As long as I didn’t look at her, I’d be okay. I swallowed several times, struggling to keep my mouth in a straight line, but it wiggled in spite of me. The tickle in the back of my throat danced upward into my sinuses, forward to my lips. Little tears blurred my vision.

But Jordan was already gone. “Well, gee, Piggy,” she said in a Kermit-like voice, laughter welling up like water starting to trickle from a split pipe. “It’s you . . . it’s you . . . it’s
you
!”

The pipe burst. She bent over, roaring, shaking, and squealing, and I was lost. I put a hand on my chest to keep my boobs from falling out completely and let ’er rip. We’ve always done this to each other, fallen at stressful or bewildered or ordinary moments into our own little World o’ Hilarity, and once we get going, there’s no stopping it. People stand to one side, giving us polite half smiles as we feed each other a word, a gesture, a glance to fuel the giggles.

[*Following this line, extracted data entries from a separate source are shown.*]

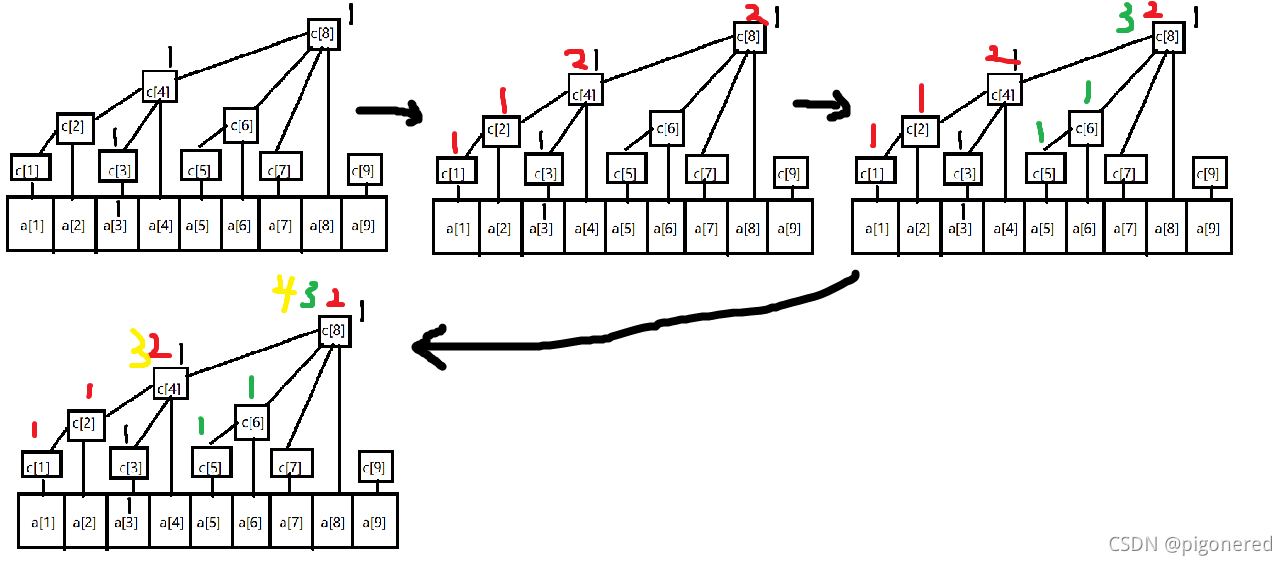 还是上面的图,我们发现c[1,3,5,7,9]高度看做0,而a[2,6]为1,a[4]为2,a[8]为3。正好就去连了多少个除它以外的直接的儿子个数。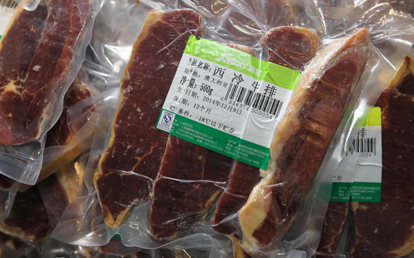 Packaged frozen beef steak products at a supermarket in Nantong, Jiangsu province.(Photo/China Daily)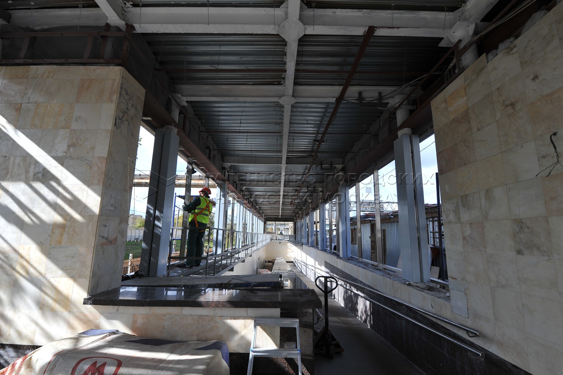 Установка навесов «Огни города» на станции метро «Беговая» в рамках работ к запус...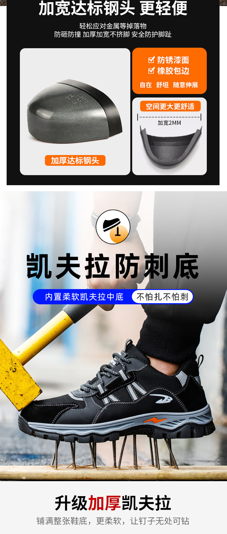 국경 간 패션 통기성 노동 보호 신발 남성 고무 미끄럼 방지 마모 방지 신발 스매싱 방지 및 피어싱 방지 노동 보호 신발 작업 신발스토어 가기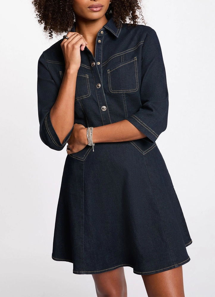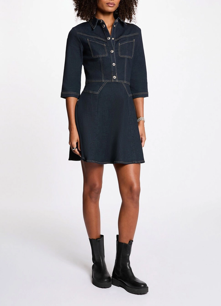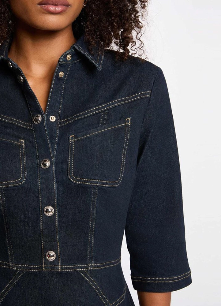 This fitted, knee-length denim dress enhances the silhouette with natural elegance. Designed with a structured lapel collar, it brings a modern yet feminine touch, while the button detailing adds a subtle statement to its refined design. Elbow-length sleeves and a zip fastening ensure both comfort and practicality, making it a timeless and chic piece with effortless style.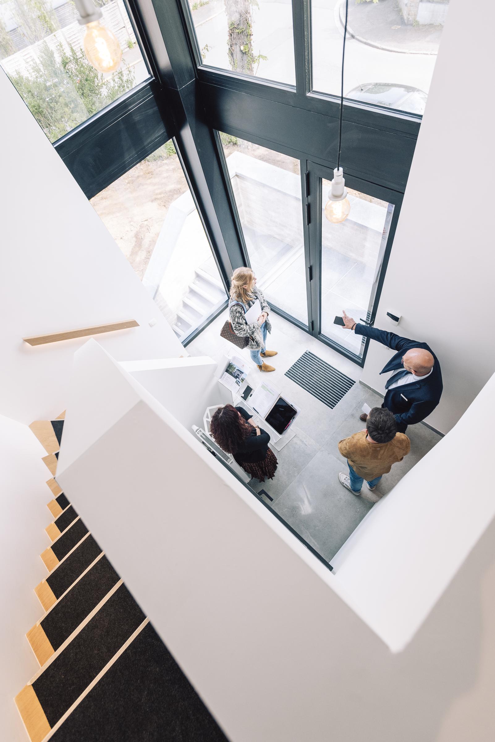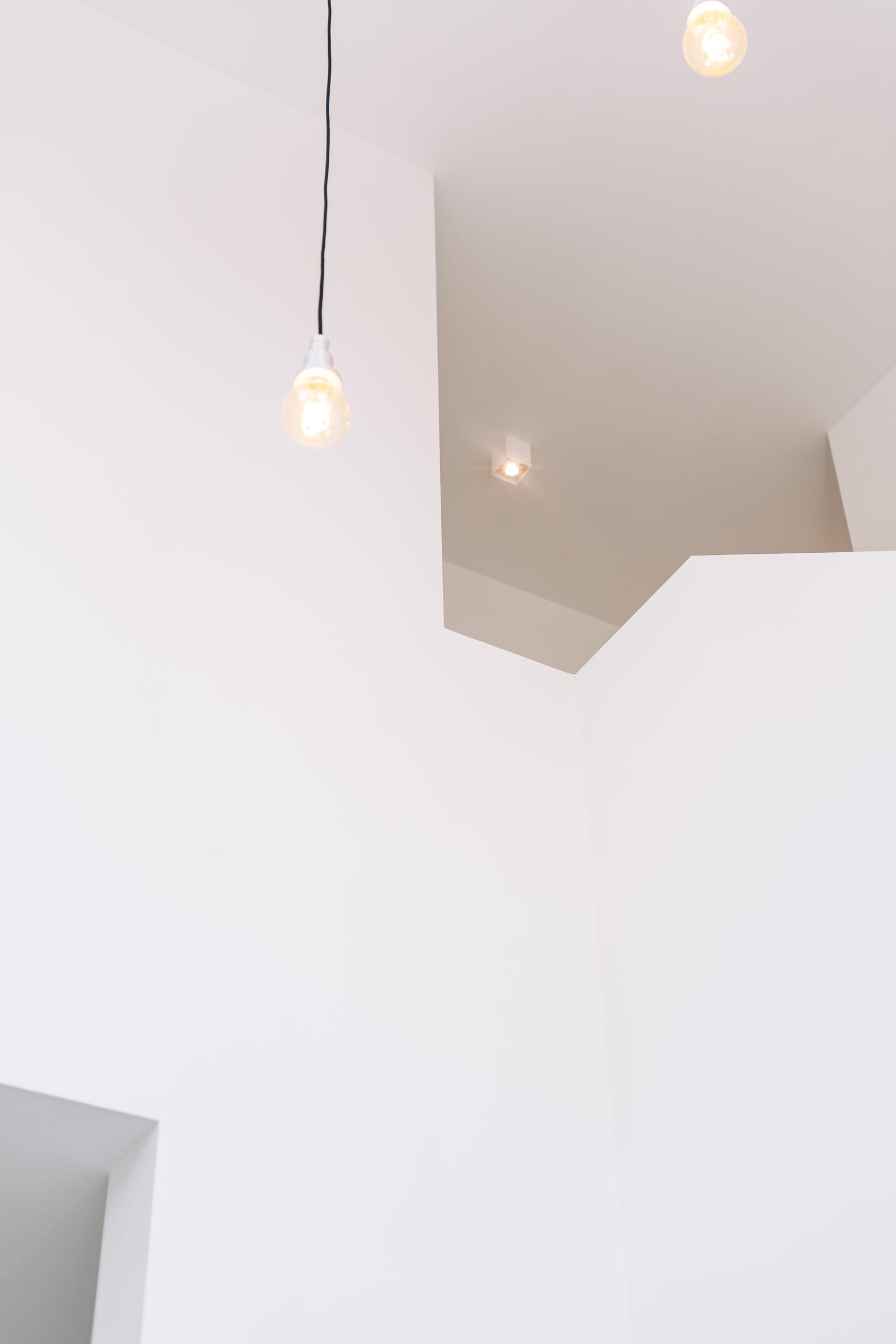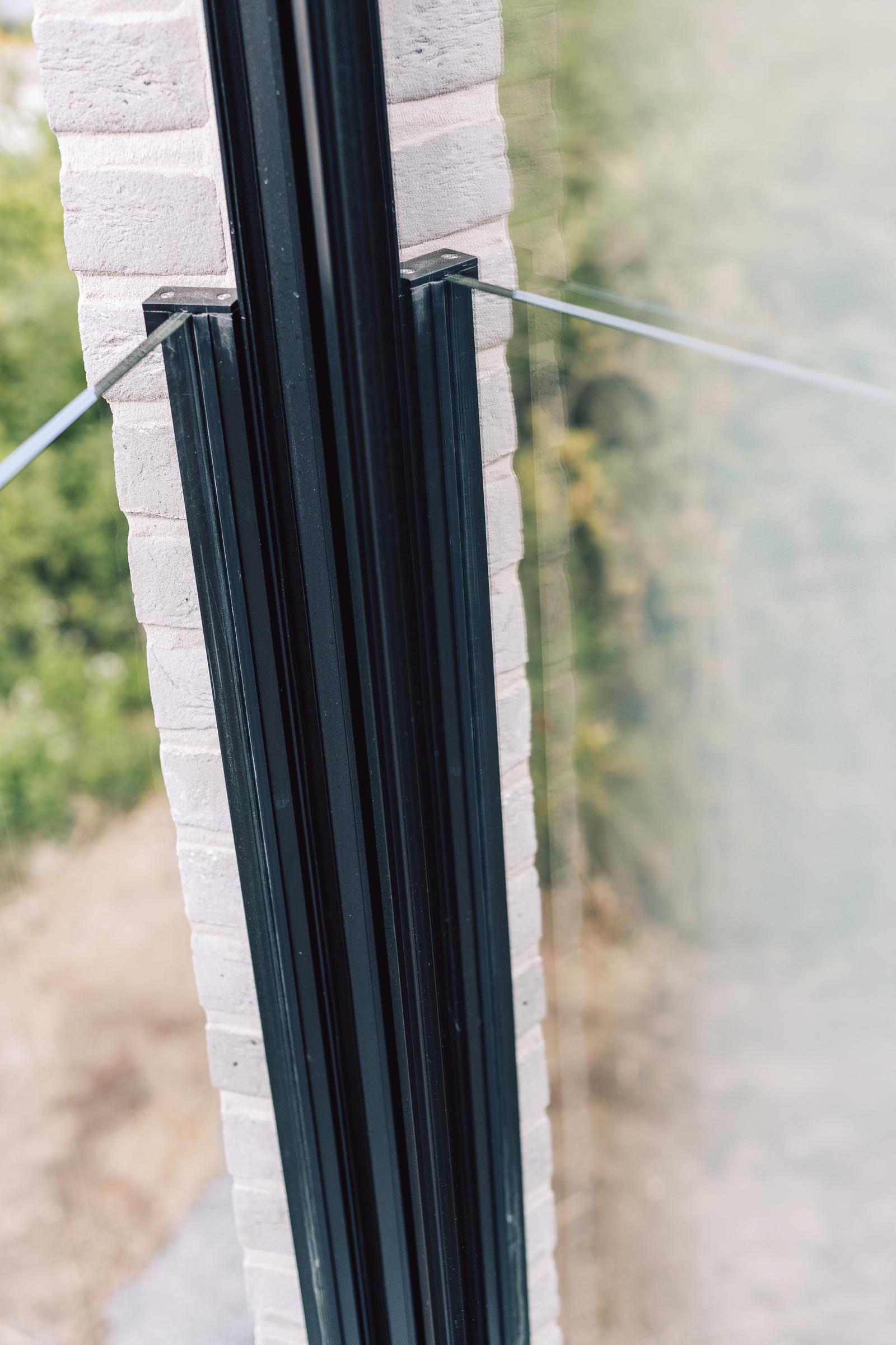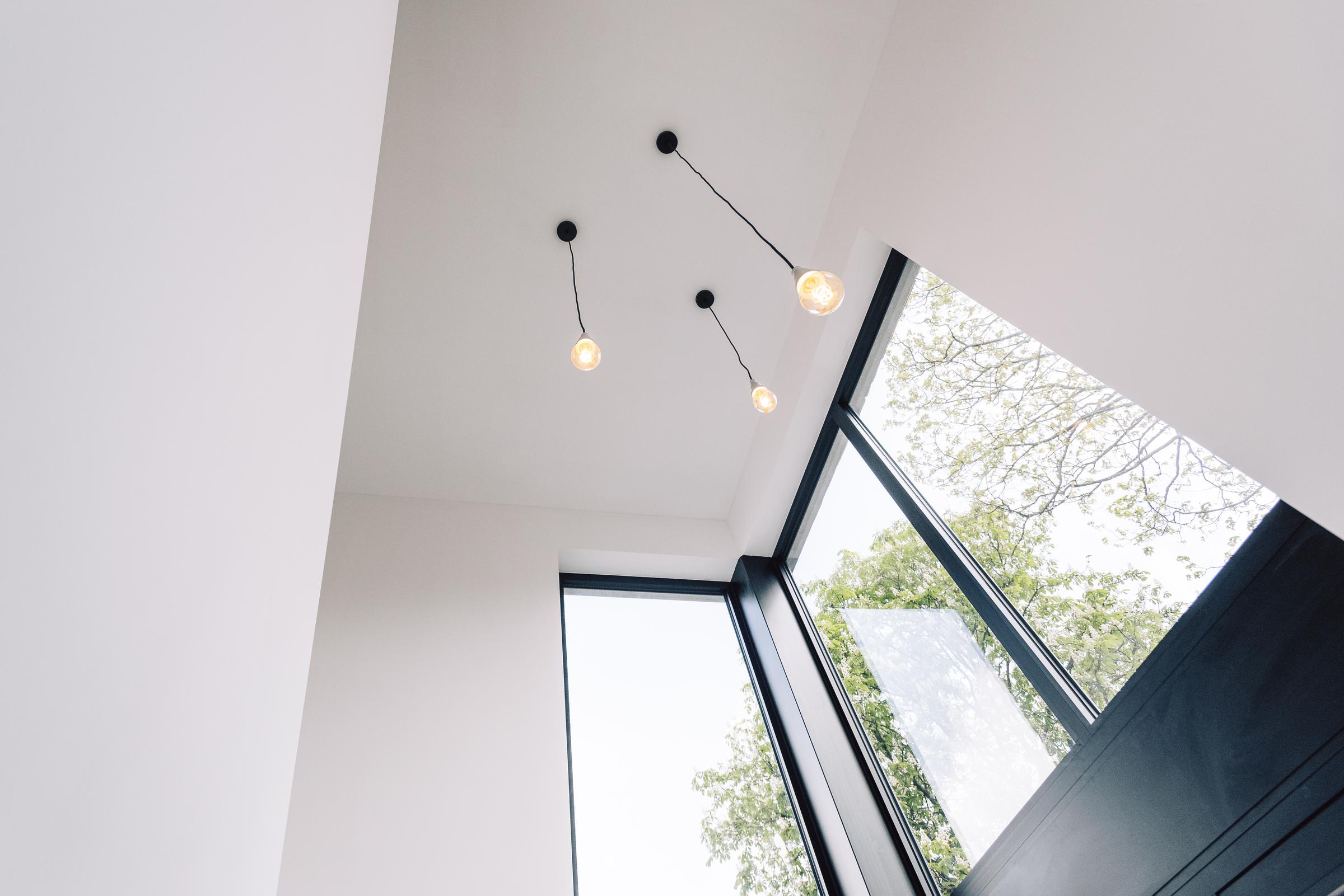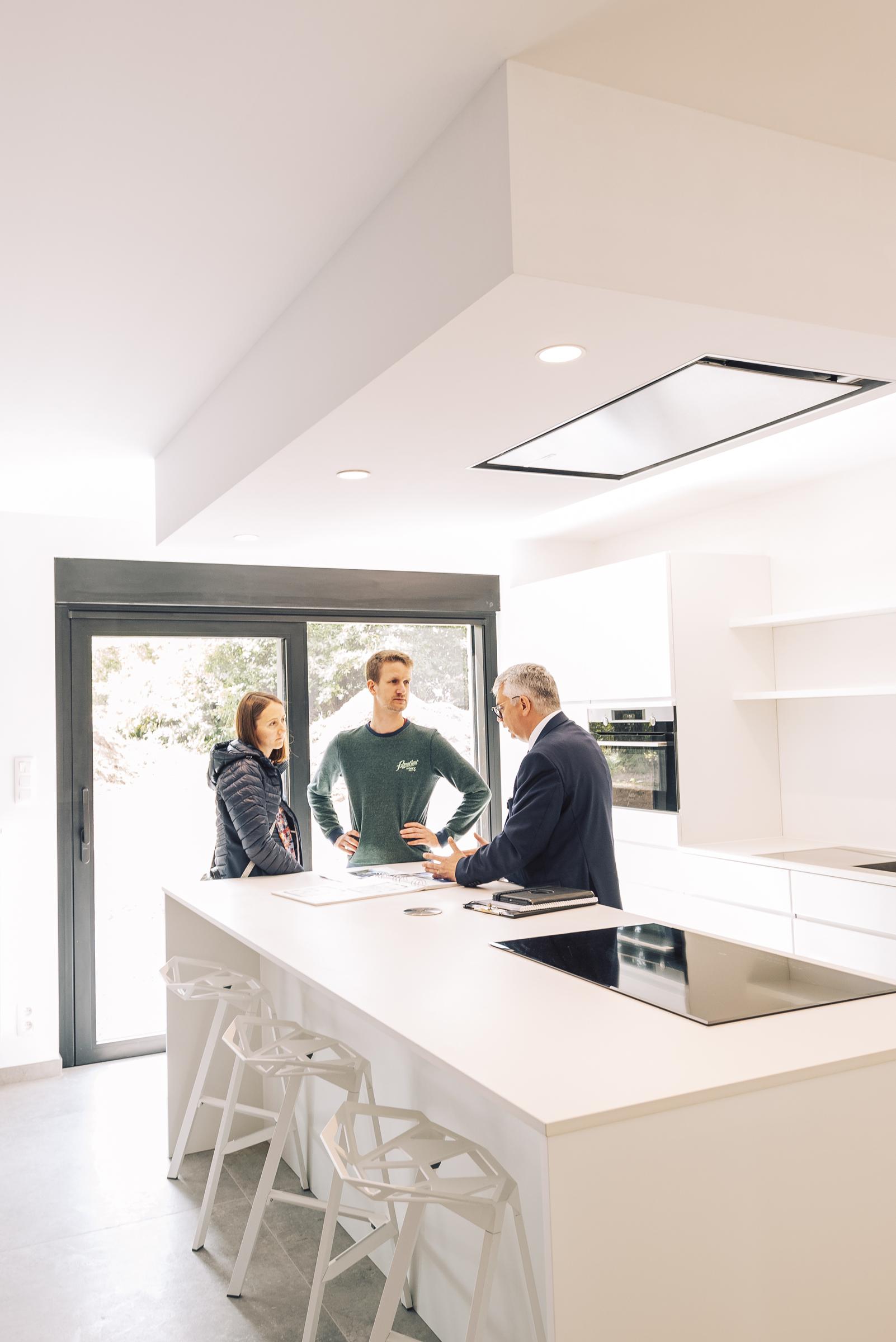 Plusieurs adaptations ont été apportées afin de répondre aux besoins et aux envies des propriétaires, et surtout pour s'adapter au terrain en pente montante : caves et garage sous toute la maison au rez-de-chaussée, ajout d'un volume sortant pour le coin salon au rez-de-jardin, agrandissement des volumes, grandes baies vitrées pour apporter un maximum de luminosité,...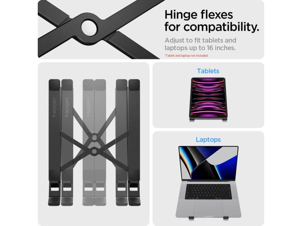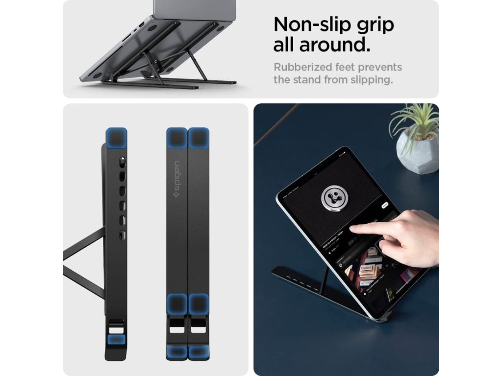 Stojan pro notebook Spigen LD201 je hliníkovým podstavcem pro bezpečné a polohovatelné uložení vašeho notebooku nebo MacBooku. Získáte tak lepší ergonomii použití a po složení ho jednoduše můžete vzít všude s sebou.

And I could see them all, the entire circle of women and girls looking on like we were crazy as we hooted and strangled and clung to each other. I’d just about get it together, then I’d see the edge of her belly pushing at the skirt, or she’d do another Kermit imitation, and we’d be off again. I could feel the irritation of my mother tugging at us, feel Jane’s complete bewilderment, and caught Jasmine rolling her eyes, but none of them could halt us until it was finished, and that was that.

We both knew it was inappropriate in this circumstance, and we were trying to get it together when the side seam in my dress gave way with a very loud sound, and the pair of us collapsed completely, falling to the floor in absolutely lost, hysterical giggling, our eyes running with tears, cheeks aching. “I’m sorry, Jane,” I choked out. “It was too tight.”